Your assignment: Find the line with "演奏开始,在音乐家们高超的演" in the entries below. Repeat it, every following line, and the line with "一万円札と右肩下がりの矢印 下降 紙幣 下向き", exactly and with nothing added.

[Entries supplied Boundary: Start]

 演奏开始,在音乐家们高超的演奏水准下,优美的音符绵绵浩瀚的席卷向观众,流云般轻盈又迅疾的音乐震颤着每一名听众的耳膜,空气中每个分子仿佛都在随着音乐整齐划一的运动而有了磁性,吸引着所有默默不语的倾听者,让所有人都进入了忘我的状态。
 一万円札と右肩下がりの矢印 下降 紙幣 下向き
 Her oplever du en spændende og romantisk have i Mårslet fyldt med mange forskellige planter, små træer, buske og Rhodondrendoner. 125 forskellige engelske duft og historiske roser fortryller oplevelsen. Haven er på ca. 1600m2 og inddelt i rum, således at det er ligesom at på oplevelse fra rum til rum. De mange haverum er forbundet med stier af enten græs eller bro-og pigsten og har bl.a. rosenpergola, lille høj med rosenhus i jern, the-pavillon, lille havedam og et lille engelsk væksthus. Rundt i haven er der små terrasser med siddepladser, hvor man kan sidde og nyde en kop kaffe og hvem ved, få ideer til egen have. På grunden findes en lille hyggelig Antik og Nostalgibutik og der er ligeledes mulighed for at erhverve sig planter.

[Entries supplied Boundary: End]
[Entries supplied Boundary: Start]

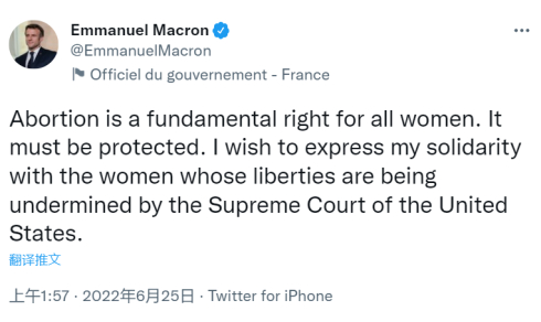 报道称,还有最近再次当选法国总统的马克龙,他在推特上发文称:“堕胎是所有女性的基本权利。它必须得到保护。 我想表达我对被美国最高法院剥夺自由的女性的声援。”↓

[Entries supplied Boundary: End]
[Entries supplied Boundary: Start]

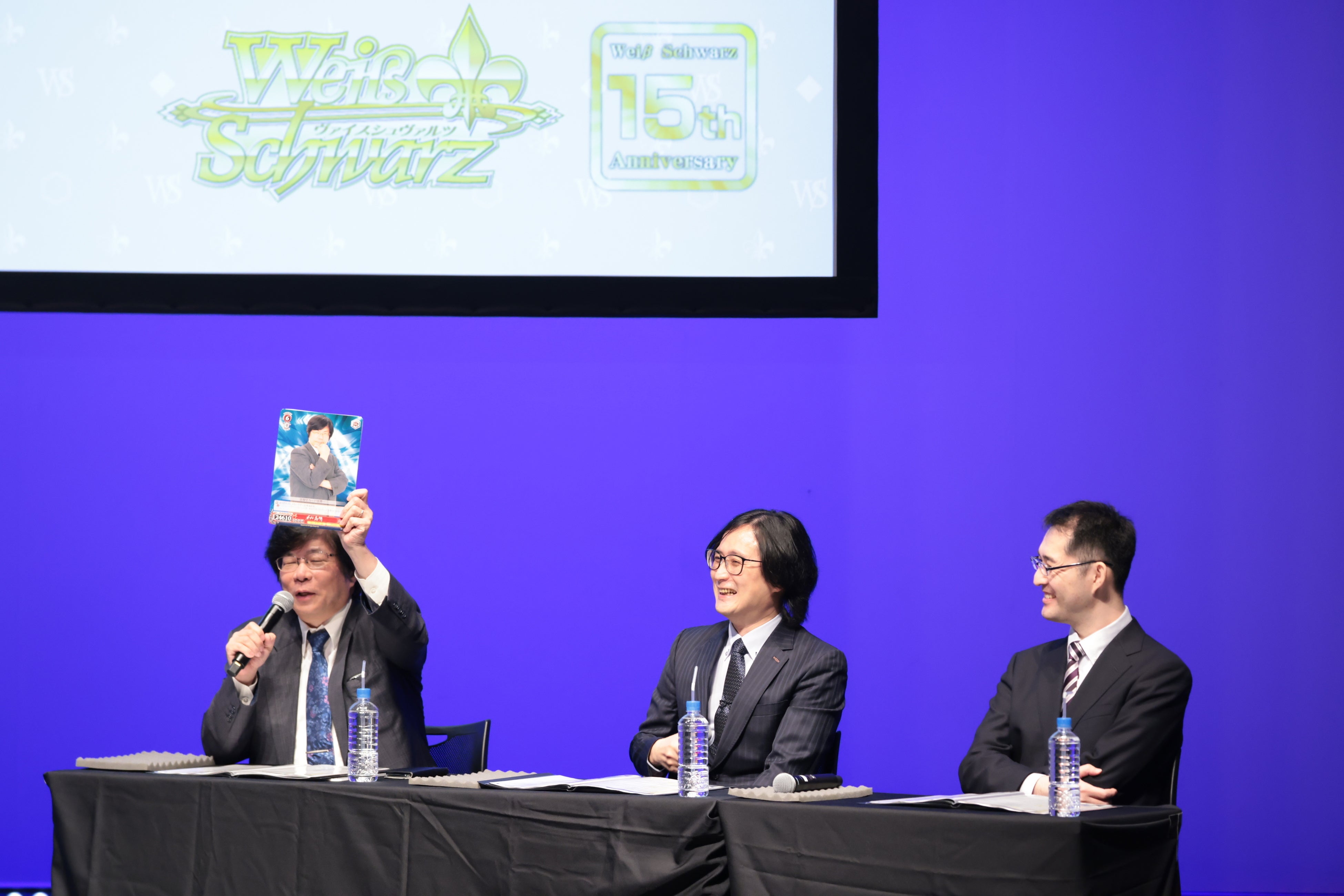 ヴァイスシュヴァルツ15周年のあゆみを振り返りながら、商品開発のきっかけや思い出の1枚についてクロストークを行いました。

[Entries supplied Boundary: End]

Output below:
 演奏开始,在音乐家们高超的演奏水准下,优美的音符绵绵浩瀚的席卷向观众,流云般轻盈又迅疾的音乐震颤着每一名听众的耳膜,空气中每个分子仿佛都在随着音乐整齐划一的运动而有了磁性,吸引着所有默默不语的倾听者,让所有人都进入了忘我的状态。
 一万円札と右肩下がりの矢印 下降 紙幣 下向き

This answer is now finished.